** SOURCE MATERIAL follows **

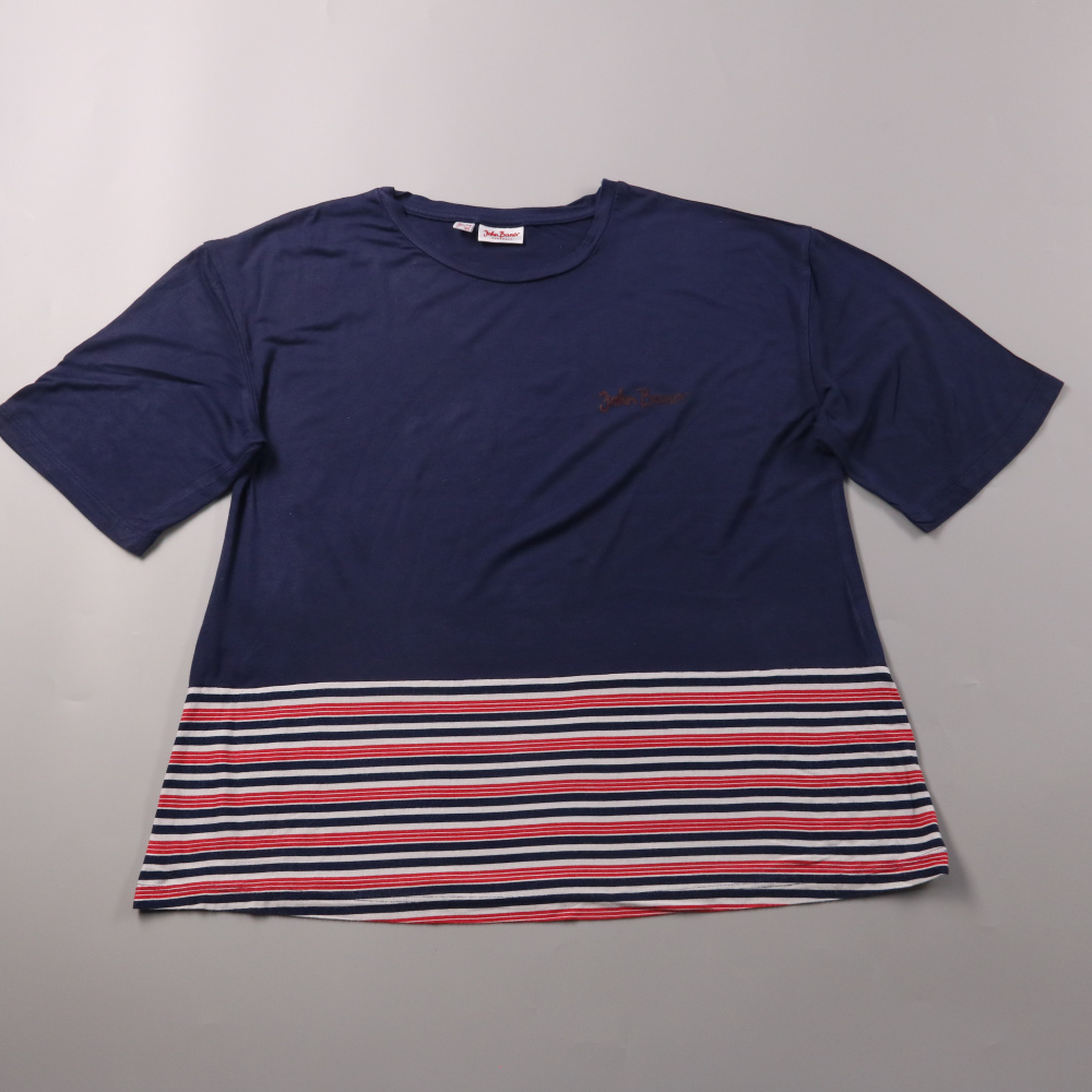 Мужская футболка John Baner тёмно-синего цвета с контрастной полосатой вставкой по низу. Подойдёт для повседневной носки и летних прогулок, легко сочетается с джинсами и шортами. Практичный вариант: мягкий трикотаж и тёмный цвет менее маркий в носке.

** End of SOURCE MATERIAL **
** SOURCE MATERIAL follows **

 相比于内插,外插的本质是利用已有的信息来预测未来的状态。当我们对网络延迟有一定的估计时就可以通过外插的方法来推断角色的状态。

** End of SOURCE MATERIAL **
** SOURCE MATERIAL follows **

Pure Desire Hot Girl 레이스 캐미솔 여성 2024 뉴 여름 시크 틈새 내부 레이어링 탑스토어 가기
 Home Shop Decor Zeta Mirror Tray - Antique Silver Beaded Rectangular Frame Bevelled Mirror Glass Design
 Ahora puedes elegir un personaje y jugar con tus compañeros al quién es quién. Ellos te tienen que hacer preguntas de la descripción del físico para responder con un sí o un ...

** End of SOURCE MATERIAL **

WORK ORDER ▸
All lines in the listing above between the line with "Home Shop Decor" and the line with "Ahora puedes elegir", inclusive, should be set down exactly, and no line outside that range.

EXPECTED OUTPUT ▸
 Home Shop Decor Zeta Mirror Tray - Antique Silver Beaded Rectangular Frame Bevelled Mirror Glass Design
 Ahora puedes elegir un personaje y jugar con tus compañeros al quién es quién. Ellos te tienen que hacer preguntas de la descripción del físico para responder con un sí o un ...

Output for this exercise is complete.